How can we properly address the monumental struggles we face in the best interest of  ourselves and each other?

If you asked me this question on a warm, sunny day when I’m relaxed and feeling good about things, I would tell you that I believe all people are worthy of love and kindness, and that our challenge is to observe, listen, and feel more deeply to appreciate them more fully. But when I’m in a darker place, my worldview can shrink pretty quickly. 

We have all been significantly affected by world events this year—and as the days, weeks, and months drag on, it feels less like an event and more like our new reality. 

My personal challenge, and my challenge to you, is to determine how we respond and behave in the face of less-than-desirable circumstances:

  • Do we approach each day with a kind and loving view of ourselves and those around us? 
  • Do we create room in our lives (and in the world) for those who think differently from us, or actually are different from us? 
  • Can we find comfort knowing we are unique just like everyone else, and that this universal truth makes the world an ever-changing, interesting place? 
  • Are we open to acknowledging that we all have much more in common than not? 
  • Can we look and listen for opportunities to relate and connect with others?

In difficult times, I often answer these questions with a simple “no.” So, where does that leave me? 

Ultimately I have found that thinking my way out of a funk is less effective than taking an action.

The expression “right action leads to right thinking” is a helpful mantra. What small, simple action can I take to make my personal sphere, or the world itself, a little better? I can tell you that 100% of the time, taking an action brightens my mood, if only a little. Sometimes it even freshens my view of myself and the world.

I play competitive bridge, and I delight in opening a new hand to see what cards have been dealt to me. In a version of the game called duplicate bridge, all players are dealt the exact same hand; the competition is in seeing if you can play that hand better than others. Life doesn’t always deal us aces and kings, and we are not in a competition, but still I find this analogy comforting: it reminds me to focus on my response to life rather than the circumstances over which I may not have control.
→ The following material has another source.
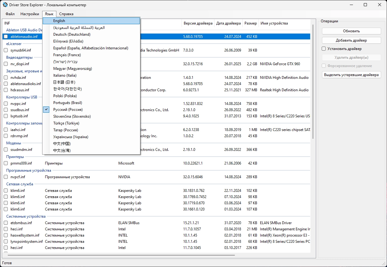 • Поддержка экспорта выбранных драйверов.

M. Scott Peck starts his famous book, The Road Less Traveled, with a stark and powerful sentence: “Life is difficult.” I recoil from that concept often. I seek distractions and try to rationalize that if I just manage situations well, or work harder, or think more creatively, I can change that reality. But accepting that life is actually difficult for all of us opens the door for appreciating everyone’s experiences. 

Love and tolerance are two powerful tools that help me do this: small acts of love and reminding myself that the world is an abundant place with room for everyone. 

Gary Chapman’s 5 Love Languages reminds me that the way I express love may not always match how others experience it. Whether through Words of Affirmation, Acts of Service, Giving/Receiving Gifts, Quality Time, or Physical Touch, these five methods of showing and feeling love help me explore how I can be more loving to those around me.

I think we all can benefit from being more loving and tolerant with ourselves and with each other. Unity isn’t possible until we recognize, name, and honor the realities of our divisions. Then we can discuss our ultimate goal, whether it’s unity or simply “cohabitating” in our glorious country with profound respect that there is ideological and physical room for everyone.

I hope we can all make a little more “room” for others today.